Inizialmente, la legge 18 marzo 1968, n. 431 -recante provvedimenti per l’assistenza psichiatrica- dopo aver disposto agli artt. 2 e 3 la formazione, in ogni ospedale ed in ogni centro o servizio di igiene mentale, di équipes di sanitari con la partecipazione, tra gli altri, di un medico psichiatra e di uno psicologo, ha demandato (5° comma dell’art. 5) ad un decreto interministeriale la fissazione degli stipendi tipo per ciascuna categoria di personale addetto al settore; il decreto interministeriale 6 dicembre 1968, emanato ai sensi dell’anzidetta norma, ha determinato, all’art. 2, lo stipendio base pensionabile del “personale medico di ruolo” tra cui, nei livelli di primario ed aiuto, figuravano, accanto ai medici-psichiatri, anche gli psicologi…..

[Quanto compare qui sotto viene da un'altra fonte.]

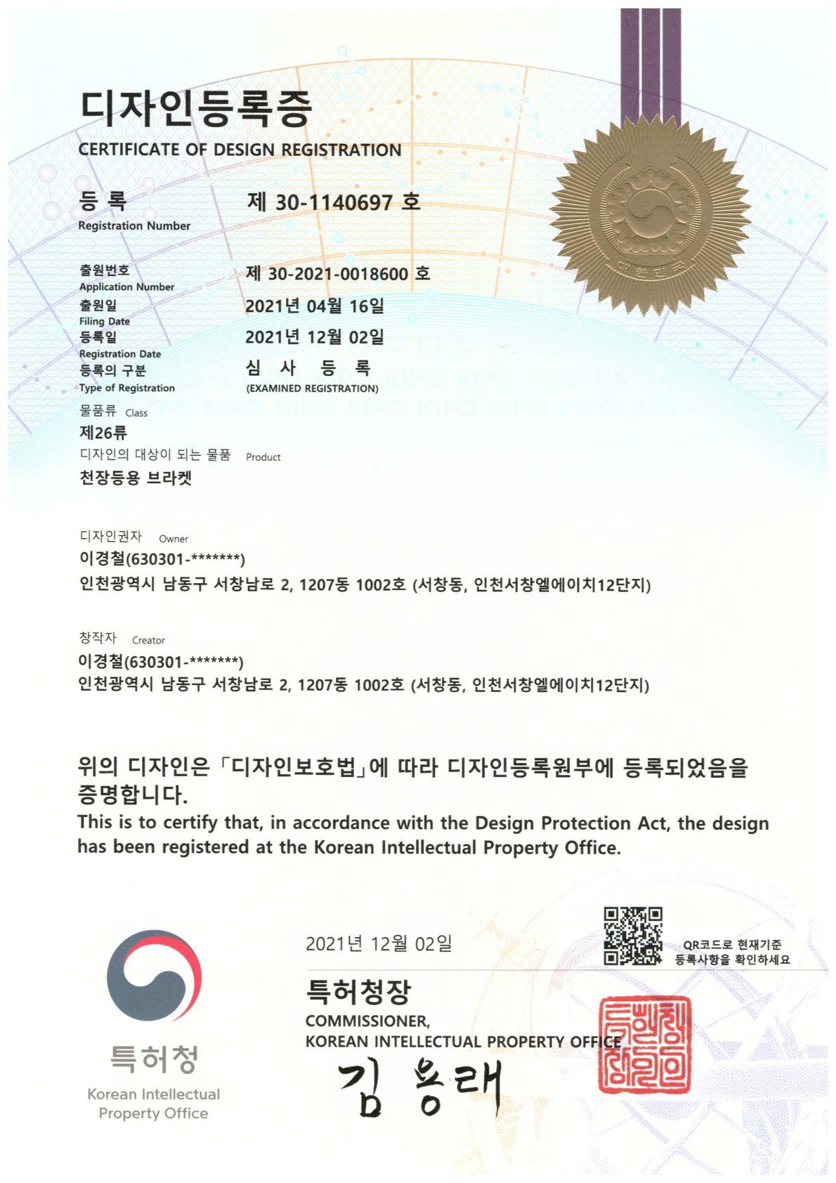디자인등록증 30-1140697

La menzionata legge n. 431 del 1968, con il relativo decreto interministeriale di esecuzione limitava, quindi, l’assimilazione tra le due categorie (medici psichiatri e psicologi) al solo trattamento economico, senza coinvolgere lo stato giuridico, mentre la legge n. 515 del 1971 non faceva altro che attribuire, agli uni e agli altri, una indennità non pensionabile, al fine di equipararne il trattamento economico a quello dei medici ospedalieri.

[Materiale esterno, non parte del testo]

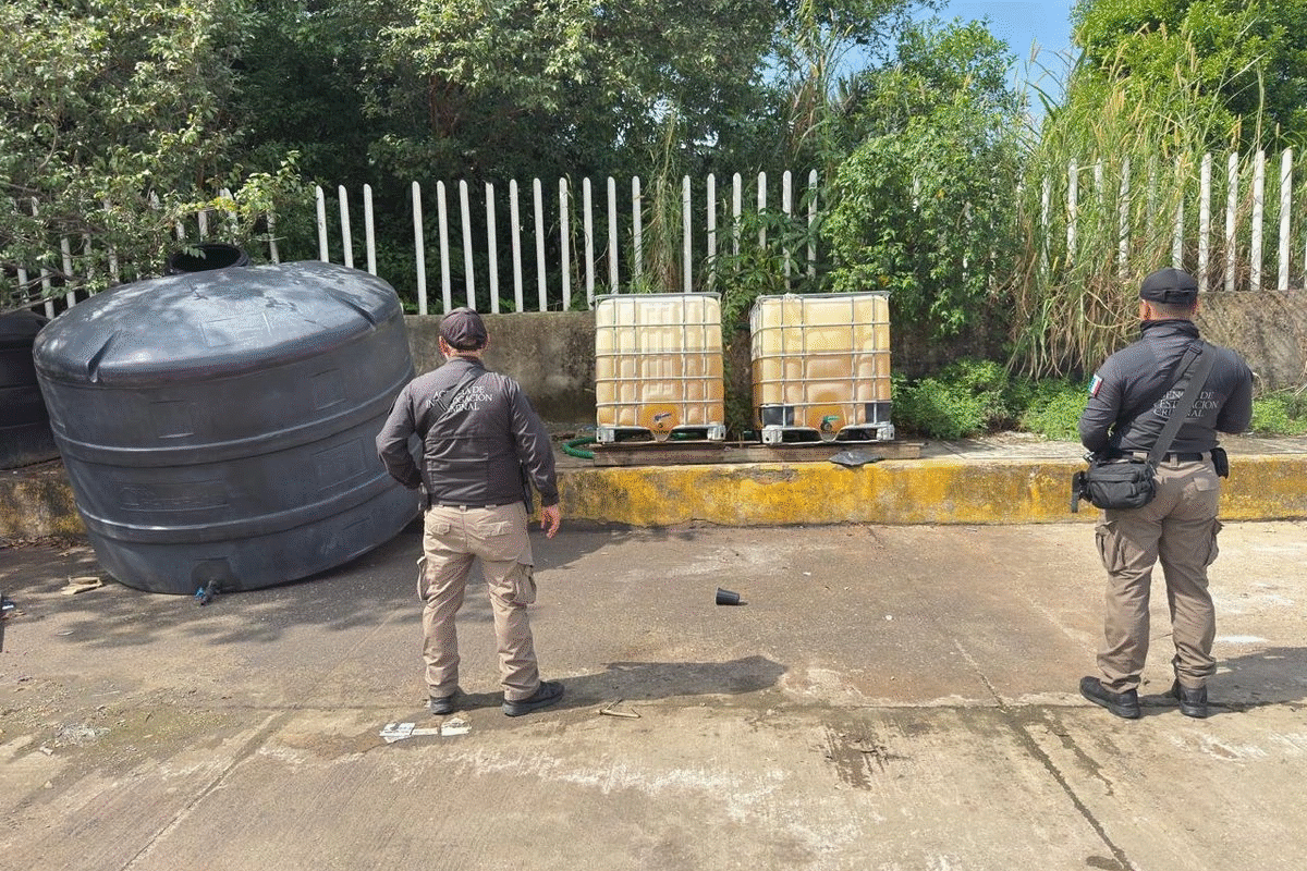 La Fiscalía General de la República aseguró combustible, vehículos e infraestructura en un inmueble de Villa Allende, Coatzacoalcos, durante un cateo autorizado por un juez de Control.

Peraltro, anche per ciò che riguarda il trattamento economico, l’assimilazione disposta dall’art. 3 della citata legge n. 515 del 1971 non aveva carattere definitivo, perchè era destinata a restare in vigore solo “fino all’entrata in funzione della riforma sanitaria relativamente all’ordinamento dell’assistenza psichiatrica”; lo stesso carattere contingente aveva l’art. 25 del D.P.R. 1 giugno 1979 n. 191, che manteneva l’equiparazione al trattamento economico del personale ospedaliero “in via provvisoria e in attesa dell’applicazione della legge istitutiva del servizio sanitario nazionale”.

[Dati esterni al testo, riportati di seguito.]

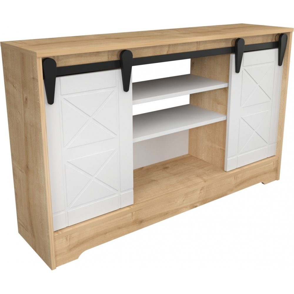 Nisay TV-bänk - Safir ek/vit
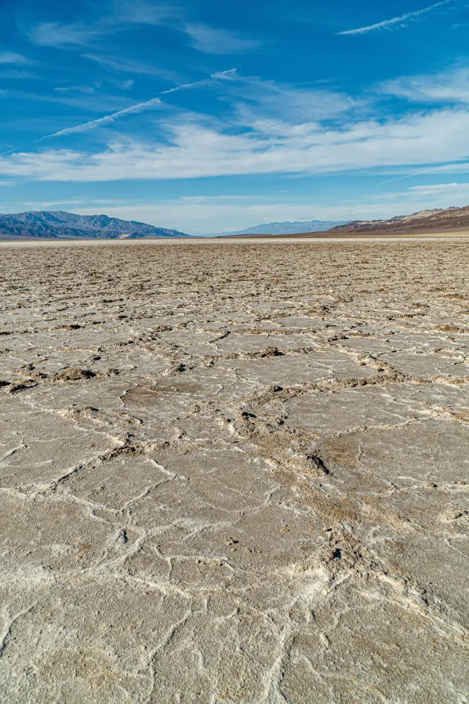 Via Furnace Creek vervolgde ik mijn route naar het laagste punt van Noord-Amerika. Badwater Basin is een surrealistische ervaring: wandelen over een eindeloze witte zoutvlakte, met de bergen als muren aan de horizon. De lucht trilt er, de grond kraakt onder je voeten en alles voelt buitenaards.
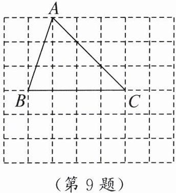 9. 如图,在一个正方形网格中,每个网格正方形的边长相等,我们把该网格中正方形的顶点称之为“好点”,$\triangle ABC$的三个顶点都在这个正方形网格的“好点”上,在这个正方形网格图中找一个“好点”$D$(点$D与点A$不重合),使得以$D$,$B$,$C为顶点的三角形与\triangle ABC$全等,则这样的“好点”$D$的个数为( )

Con l’entrata in vigore della riforma sanitaria, la posizione dei medici diviene nettamente separata e distinta da quella degli psicologi poichè questi ultimi sono ascritti a tabelle diverse ed ammessi in carriera attraverso prove di esame diversificate e distinti criteri di valutazione dei titoli. D’altra parte, in base al principio di omogeneizzazione delle posizioni giuridiche ed economiche del personale, posto dalla legge quadro sul pubblico impiego (art. 4 della legge 29 marzo 1983, n. 93) – ed al quale certamente si ispira il D.P.R. 25 giugno 1983 n. 348, con cui viene approvato il primo accordo di lavoro del personale delle unità sanitarie locali, ai sensi dell’art. 47, 8° comma, della legge n. 833 del 1978 e dell’art. 30 del D.P.R. 20 dicembre 1979 n. 761- la figura professionale dello psicologo è disciplinata in maniera univoca dagli artt. 16, 17 e 18 del D.P.R. 7 settembre 1984, n. 821, che determina le attribuzioni del personale “non medico” delle unità sanitarie locali2.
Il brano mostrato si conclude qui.